Don't be afraid to loosen stuff up a bit.....you're not gonna fly outta your bindings.....lol

if you're a relatively new rider,.....you're probably tensing up a lot which causes all of those stabilizing muscles and tendons in your feet and ankles to work overtime. If your boots and bindings are too tight they're gonna be screaming
for room to move.

try to get comfy riding alittle looser in the saddle

that's my 2cents


----------



## shelbybeck (Feb 27, 2011)

Mat said:


> So last year was my first year with my own equipment, I bought a starter board, starter bindings (basically uncomfortable stuff, didn't know if I was going to like boarding, I fell in love, anyways....) and I bought good outerwear, or so I thought. I bought the burton moto boots, love the concept and the easy of not dealing with tying boots, but hate the feel (I think its the boots, not positive) anyways my feet always start throbbing after a few runs so I have to take a break, which sucks because I would rather be riding. sometimes, not always my feet fall asleep. Not sure if im doing something wrong or what.

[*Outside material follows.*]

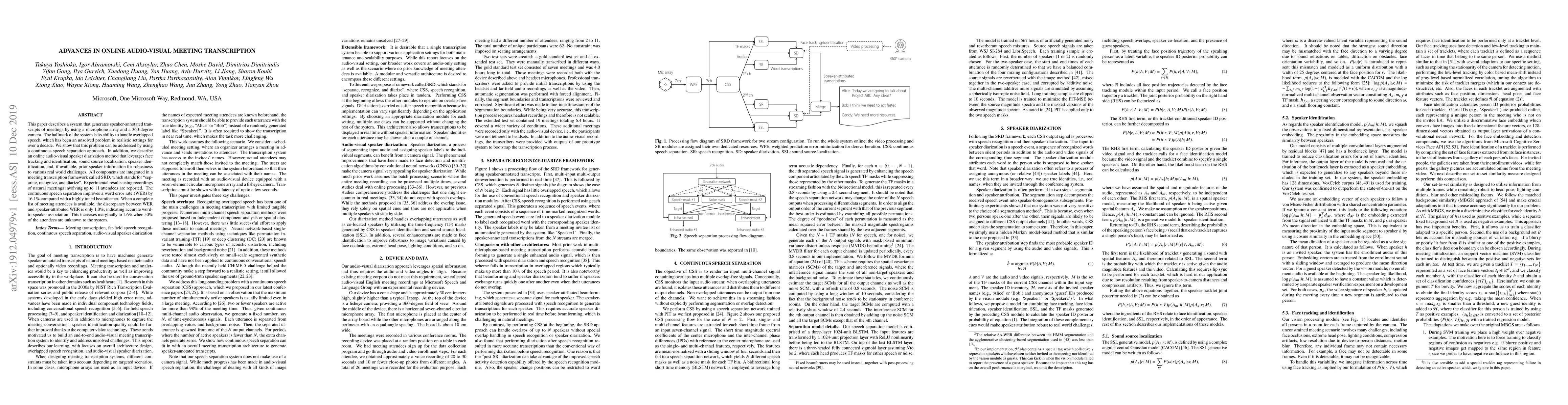 This paper presents a system that generates accurate speaker-annotated transcripts of online meetings using a microphone array and 360-degree camera, improving word error rates by up to 16%.

Just seeing other peoples experience and suggestions.


yes,.....I see now,....you are a relatively new rider....
I know it's hard when you first start out.,,,,but you have to try and
have the mindset to stay loose. when you tense up, things are gonna start
to burn, tingle and throb....lol

it will take some practice, ...but if you are aware of how much your body, legs and feet are tensing up,...you can adjust and try to take alittle bit looser of an approach. believe me I know it's hard, but awareness is the key.

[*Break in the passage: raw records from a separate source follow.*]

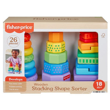 Encourage early learning with the Fisher-Price Stacking Shape Sorter. This wooden Montessori-style toy combines shape sorting and stacking to develop essential fine motor skills, hand-eye coordination, and early problem-solving. It features a sturdy sorting base and 25 easy-grip wooden shapes—including rings, octagons, and geometric blocks—to sort by shape and color, and stack for added engagement. Crafted from FSC-certified wood and packaged plastic-free to support eco-friendly play.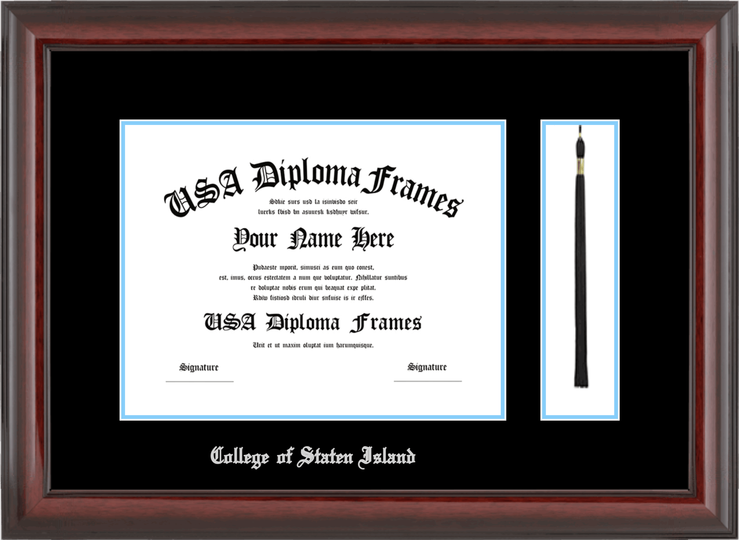 College of Staten Island Diploma Frame with Tassel – Cherry Mahogany Glossy – Black and Light Blue Mat
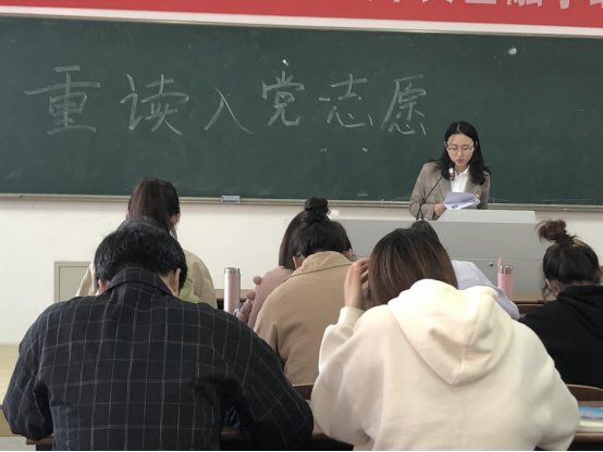 “我要把最好的青春年华献给党!”吴海珍同学重读了她的入党志愿,在入党志愿中回忆入党的初心。吴海珍在学习中勤勤恳恳,积极参与各类学科竞赛与社会活动,作为一名党员她身体力行,用行动讲述了一位员工党员服务社会奉献人民的初心。班长刘逸菲同学重读了她的入党志愿书,分享了入党动机,讲述了个人成长经历。她将理论化为实践,躬行实践一名共产党人的奉献服务精神,在节假日服务家乡,与家乡共成长!退伍士兵郑佳重读了他的入党志愿,并表示,当兵时愿意随时为党和人民牺牲自己的生命,现在亦然!

also,....strengthening your feet and ankles is a good idea,....
calf raises (3 directions-straight, toes in, toes out)....rotating, flexing, etc
are all really good to keep all those muscles and stabilizing tendons/ligaments strong.

that being said.....if you intuitively feel your boots are a bad fit,...and nothing you try is helping....you may have to cut your losses.
I have a pair of burton grails and love em.....but that's just me

good luck man......I hope I helped some


----------



## trapper (Jan 15, 2013)

If you're a Bigfoot like me, people like to tell you to get the smallest boots you can fit into in order to reduce your footprint. But I've actually found that with Burton boots, I had to go a size higher (with my model anyways). This is where I'm comfortable riding all day, even if it's at the cost of a bit of toe and heel overhang. Sounds like your boots might be small for your foot. 

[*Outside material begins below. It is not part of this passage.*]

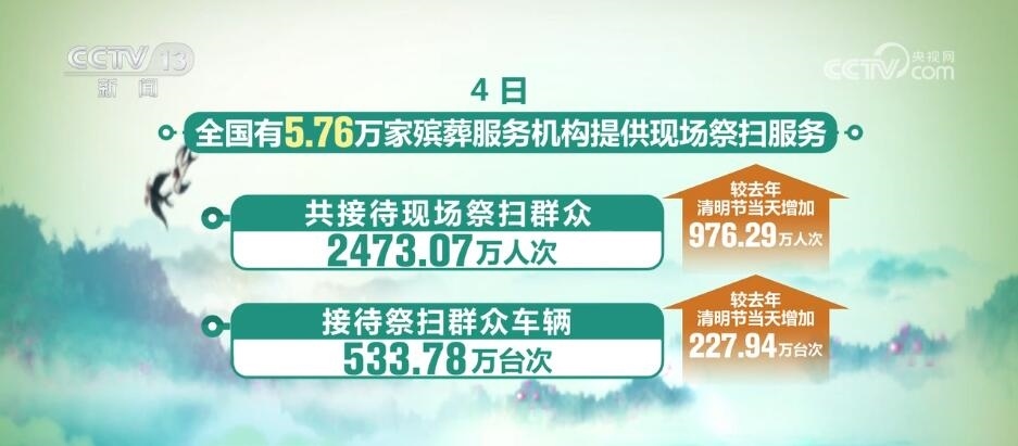 4日,全國有5.76萬家殯葬服務(wù)機(jī)構(gòu)提供現(xiàn)場祭掃服務(wù),共接待現(xiàn)場祭掃群眾2473.07萬人次,接待祭掃群眾車輛533.78萬臺次,較去年清明節(jié)當(dāng)天分別增加976.29萬人次和227.94萬臺次,其中選擇綠色低碳祭掃方式的群眾1712.97萬人次,占現(xiàn)場祭掃總?cè)藬?shù)的69.26%。

But that's just my take and I'm fairly new to the sport as well. You'd do well to listen to people like BA, bseracka, hktrdr and others who seem to pretty much know their shit when it comes to this stuff.


----------



## Mat (Oct 25, 2013)

I appreciate the help guys i will have to try some suggestions when the slope opens up


----------



## Boarder33 (Oct 28, 2013)

Im going to try a pair of Motos out. Found a nice deal on a pair. Hoping they live up to what I expect.


----------